I am trying to understand simple groups arising from finite orthogonal groups; these are complicated among groups of Lie type in the sense that one should be careful about characteristic of field (even/odd), dimension of space (even/odd) and type of bilinear form. It also requires (as most books write) that one have to pass to quadratic forms from bilinear form according to characteristic of field.
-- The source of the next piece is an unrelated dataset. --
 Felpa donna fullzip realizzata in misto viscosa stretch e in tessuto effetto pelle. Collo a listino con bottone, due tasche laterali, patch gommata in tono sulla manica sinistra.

I don't know whether we can stick only to non-degenerate symmetric bilinear form.
I tried to understand this in the following way in which I do not specify characteristic of field, dimension of space, structure of bilinear form etc., and I want to know whether it is correct.
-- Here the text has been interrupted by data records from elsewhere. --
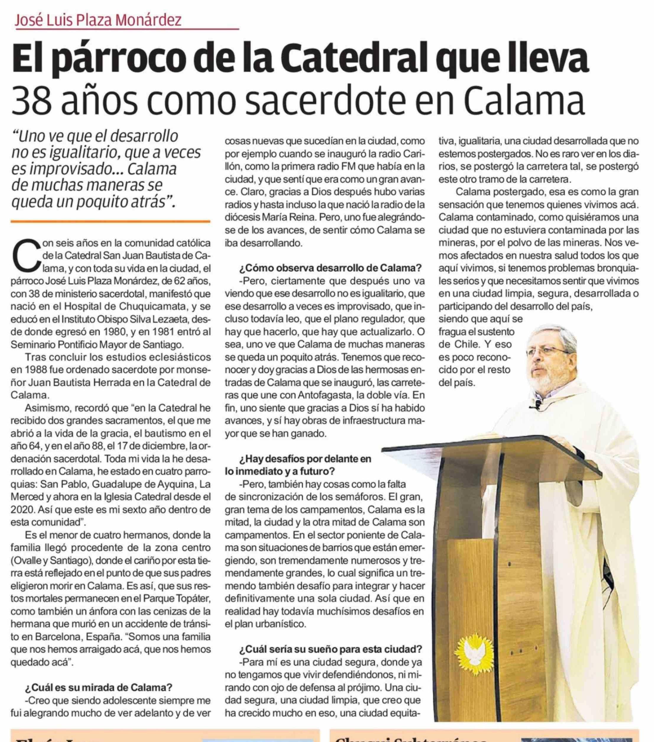 El párroco de la Catedral que lleva 38 años como sacerdote en Calama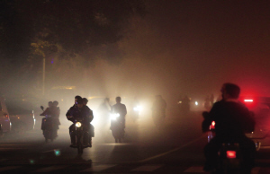 1月14日晚上,在海口市琼山区府城街头,行人在大雾天气里小心翼翼过马路的情景。据民航海南空管分局值班人员介绍,由于全天大雾天气影响,海口美兰机场航班大部分被延误。至晚上20时许,共有100个班次延误,备降5个班次,取消13个班次。 本报记者 张杰 通讯员 潘华清 摄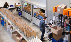En outre, l’avantage de la tour Jumper est de permettre la préparation de commandes en simultanée. Le plateau contenant les produits souhaités descend jusqu’à l’opérateur et est équipé d’un affichage LED indiquant précisément la zone de picking. Tous les produits demandés sont alors scannés avant d’être mis en colis les uns après les autres.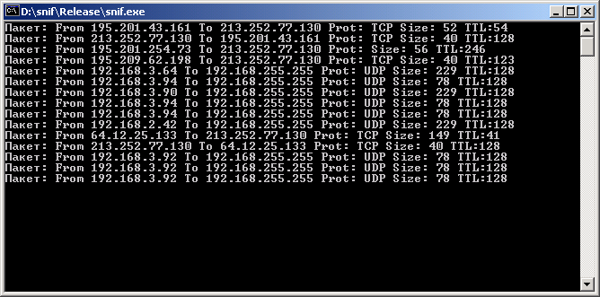 Пример простейшего сниффера для W2K/XP.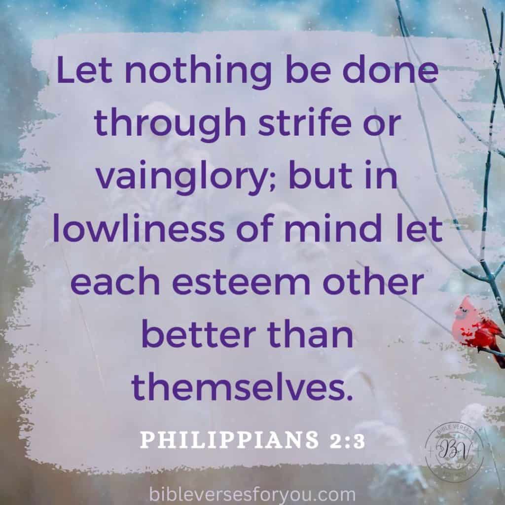 2. Let nothing be done through strife or vainglory; but in lowliness of mind let each esteem other better than themselves. Philippians 2:3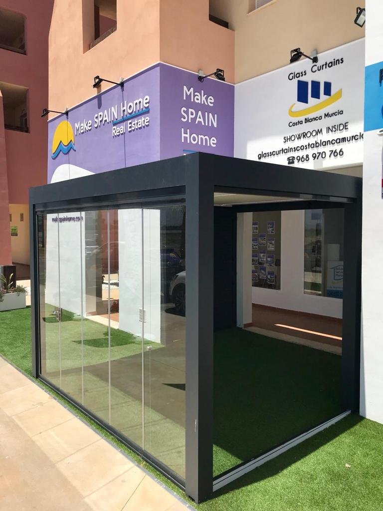 In order to compliment our quality glass curtains, Glass Curtains Costa Blanca Murcia offer a large range of quality made to measure toldos, sun shades, sun awnings, sun canopies, pergolas & bioclimatic pergolas that are all professionally fitted and designed to protect you and your property from the harsh elements of the Spanish sun.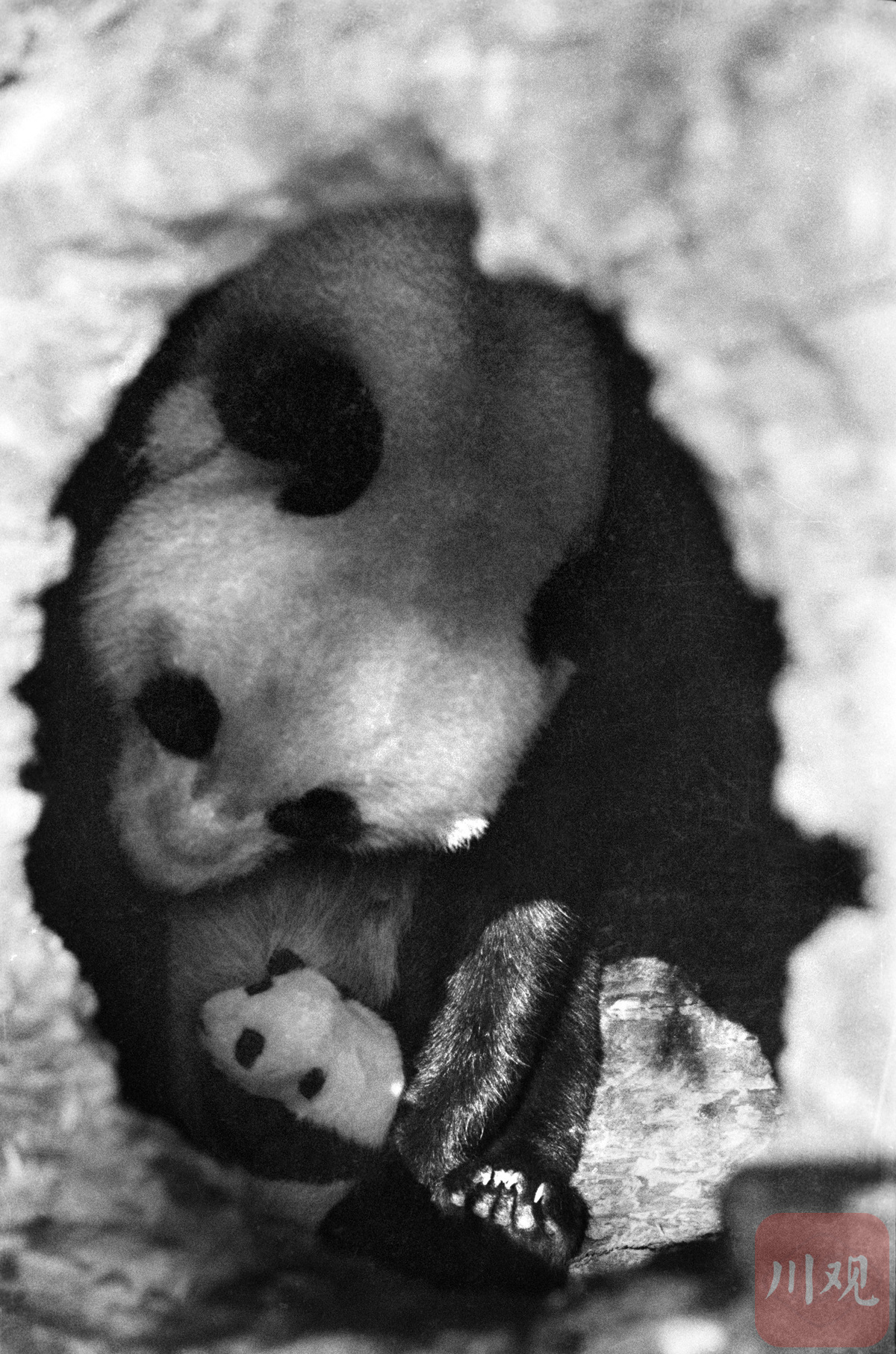 1982年9月30日,在硗碛乡,大熊猫产下一只幼崽,幼崽在母亲怀里发出咩咩叫声,拍下大熊猫野外产子的罕见画面。高华康 摄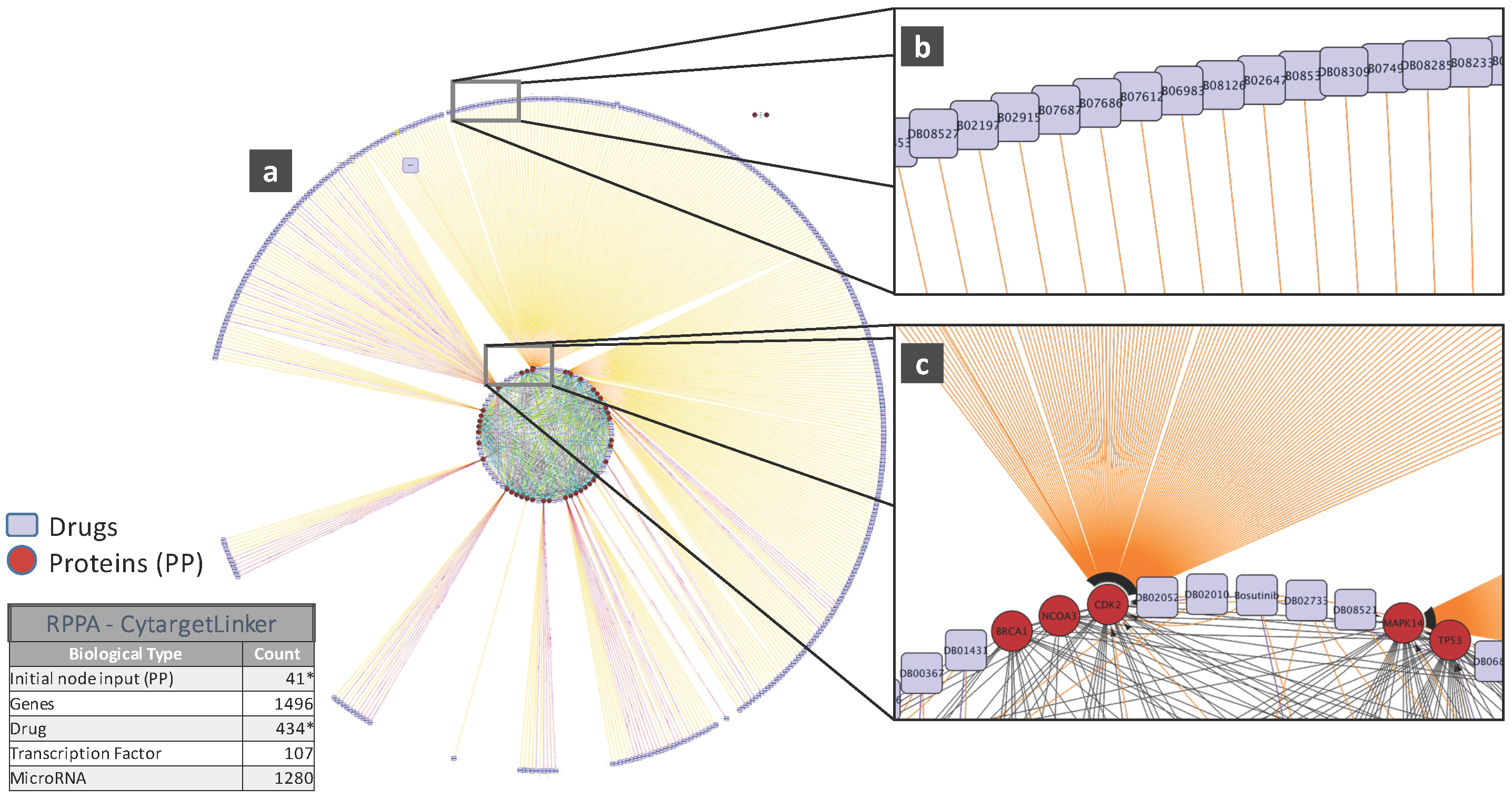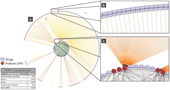 - Kutmon, M.; Kelder, T.; Mandaviya, P.; Evelo, C.T.; Coort, S.L. CyTargetLinker: A cytoscape app to integrate regulatory interactions in network analysis. PLoS ONE 2013, 8, e82160. [Google Scholar] [CrossRef] [PubMed]

Let $V$ be a finite dimensional vector space over a finite field $F$.
Let $(x,y)\mapsto B(x,y)\in F$ be a bilinear form on $V$ such that it is symmetric and non-degenerate (i.e. $B(x,y)=B(y,x)$ and $B(x,y)=0$ for all $y$ implies $x=0$.)
Let $$G=\{T:V\rightarrow V: B(Tx,Ty)=B(x,y) \forall x,y\in V\}.$$
Then $G$ is a subgroup of $GL(V)$. Consider subgroup $[G,G]$ and then the quotient $$[G,G] / (center).$$ This quotient group is simple with some exceptions on dimension and characteristic of the field. Excluding exceptions, this covers all simple groups arising from orthogonal groups; am I right?